I had no idea I had so many unhealed wounds, and never suspected how they could be used against me. I’ve just returned from a 2-month sabbatical that Gateway Church gives our pastoral staff every 7 years. I feel like I’ve learned so much, but it’s still a bit raw and unrefined—and feels vulnerable. I plan to teach on it in the future. But it also seems SO important, that I’m just gonna do my best to let you in on what I’m learning now–a bit stream-of-consciousness-style. I hope God uses it in the next few posts to speak to you like He has to me.
Life is hard! Ministry is hard! That’s not a new lesson. Hurt people hurt people. That’s also not a new lesson. What was new was the realization that over the years, I’ve gotten lots of “paper cuts.” You know, a paper cut is not a big deal—it’s a tiny little cut you don’t need to worry about…but get hundreds of paper cuts that go unhealed, and you can lose a lot of blood, a lot of strength, or even bleed to death.
I didn’t see how lots of “little wounds” that were “no big deal” could add up to rob me of joy and steal my strength as a leader. Each personal “paper cut” I would slough off, or just forgive, or try to reconcile and move on. I have always been good about going after interpersonal conflict, not letting things build up, forgiving. So naturally, I didn’t think there was a problem.
I hadn’t thought much about the importance of the heart, nor of the dangers of living out of a wounded heart. Reading Waking the Dead, by John Eldridge, reminded me of Scripture’s teaching about the heart and the spiritual battle raging for the hearts of people—leaders especially! We are to love God with all our heart…(Matt. 22:37). We are to guard our heart because everything we do flows from it (Prov. 4:23). It’s what comes out of the heart that defiles a person (Matt. 15:18). The condition of our heart determines whether we have spiritual ears that can hear and eyes that can see (Matt. 13:15). The heart (not the physical, but the spiritual heart) is the center of our being—where we relate to God (1 Sam. 16:7). I could go on and on—keyword search “heart” on Biblegateway.com and study it for yourself!
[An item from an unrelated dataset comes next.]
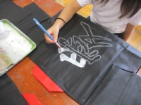 国語「くじらぐも」を毎日楽しみながら読んでいます。子供たちから、「くじらぐもに乗ってみたい!」と発言があったので、みんなで乗ることにしました!ふわふわの雲はお花紙をくしゃっとして作りました。雲に乗る自分は、楽しんでいる動きをイメージして、体の動きを考えながら描き上げました。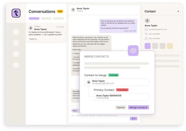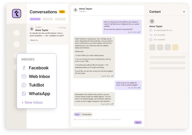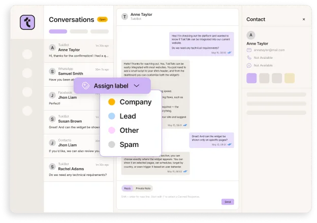 Receive messages in your unified TukiTalk inbox, see AI assist with categorization and responses, and empower your agents with smart tools.

Jesus came to heal our wounded, broken hearts. To bind up our wounds so we wouldn’t act and react out of them—inadvertently wounding others: “He heals the brokenhearted and binds up their wounds” (Ps. 147:3, Isa. 61:1). But time does not heal. And denial does not heal. God’s Spirit heals. I didn’t think I needed to heal.
But there were Signs, Warnings, Symptoms of a wounded heart. I didn’t know to call it that, but I now see much more clearly. Strap on the heart monitor and see if you have some of these danger signs of a heart that needs God’s healing. Consider the dangers of leading out of a wounded heart:
Loss of joy – I used to experience so much joy from the Lord, but it seemed much harder the past four years to experience that sense of wonder, awe, and beauty, celebrating the goodness of life. I feel it coming back as I heal—spontaneous joy.
Protecting myself – I didn’t have much to give, so I found myself not wanting to initiate with people. Dreading being with people because they might drain me of the little I had left. My desire to love people became a desire to avoid people. This weekend I couldn’t wait to be at our Leadership Getaway and loved being with them—a sign of a healing heart.
Deep sadness – For a while, I couldn’t spend time alone with the Lord, really opening my heart to Him without feeling a deep sadness, like grief. When a memory still feels sad, painful, terrifying…it’s a sign it’s still not healed.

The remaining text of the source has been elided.